News Feature | May 13, 2020

In Sign Of Trend, Supreme Court To Hear Interstate Source Water Dispute

Peter Chawaga - editor

By Peter Chawaga

Bureau of Reclamation

The U.S. Supreme Court is set to hear an interstate case over floodwaters that overwhelmed source water running through New Mexico and Texas, potentially the first of many such cases between states stemming from water issues caused by climate change.

At issue in this forthcoming argument, “Texas v. New Mexico,” is the right to store local floodwater, an increasingly contentious point as states throughout the country struggle with increasing summer temperatures and pervasive drought.

“Nearly a year after heavy rainfall from Tropical Storm Odile in 2014, the Bureau of Reclamation told Texas that it could no longer store floodwaters in a [local dam] and released the waters downstream. The Lone Star State emptied 40,000 acre-feet of water from its Red Bluff Reservoir to accommodate the flow,” E&E News explained. “At New Mexico’s request, the special master who oversees a historic water-sharing compact between the states determined that those extra waters — which Texas was unable to use — counted toward the state’s allotment. Texas asked the Supreme Court to get involved.”

Though the Supreme Court’s review of the case has been delayed due to the coronavirus outbreak, if and when it is addressed, it is likely to start a trend of similar cases reaching it. 

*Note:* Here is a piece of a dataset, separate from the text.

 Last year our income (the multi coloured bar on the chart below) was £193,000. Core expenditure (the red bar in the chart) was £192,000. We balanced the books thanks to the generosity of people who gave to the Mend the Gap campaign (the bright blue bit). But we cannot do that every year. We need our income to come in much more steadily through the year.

“Several other battles between states over water from rivers and aquifers could also soon make it to the nation’s highest bench, said Beveridge & Diamond PC principal John Cruden,” E&E News reported. “‘Because of [climate change], we’re going to see more of these,’ he said. ‘And they’re all going to be hard.’”

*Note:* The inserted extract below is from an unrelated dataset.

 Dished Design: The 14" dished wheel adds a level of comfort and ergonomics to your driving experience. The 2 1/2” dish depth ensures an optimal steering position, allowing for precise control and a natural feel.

For instance, Texas is also currently in a separate legal dispute with New Mexico as well as Colorado over allotments of water downstream of a Rio Grande reservoir, Florida and Georgia are arguing over a shared river basin, and Mississippi and Tennessee are in a battle over groundwater stored along their shared border. Any or all of these cases could reach the Supreme Court in the foreseeable future.

All told, the presence of “Texas v. New Mexico” on the Supreme Court docket and this potential for additional cases indicate an increased focus on source water issues across the country. As stress on these supplies grows, the subsequent rulings are sure to have significant ramifications.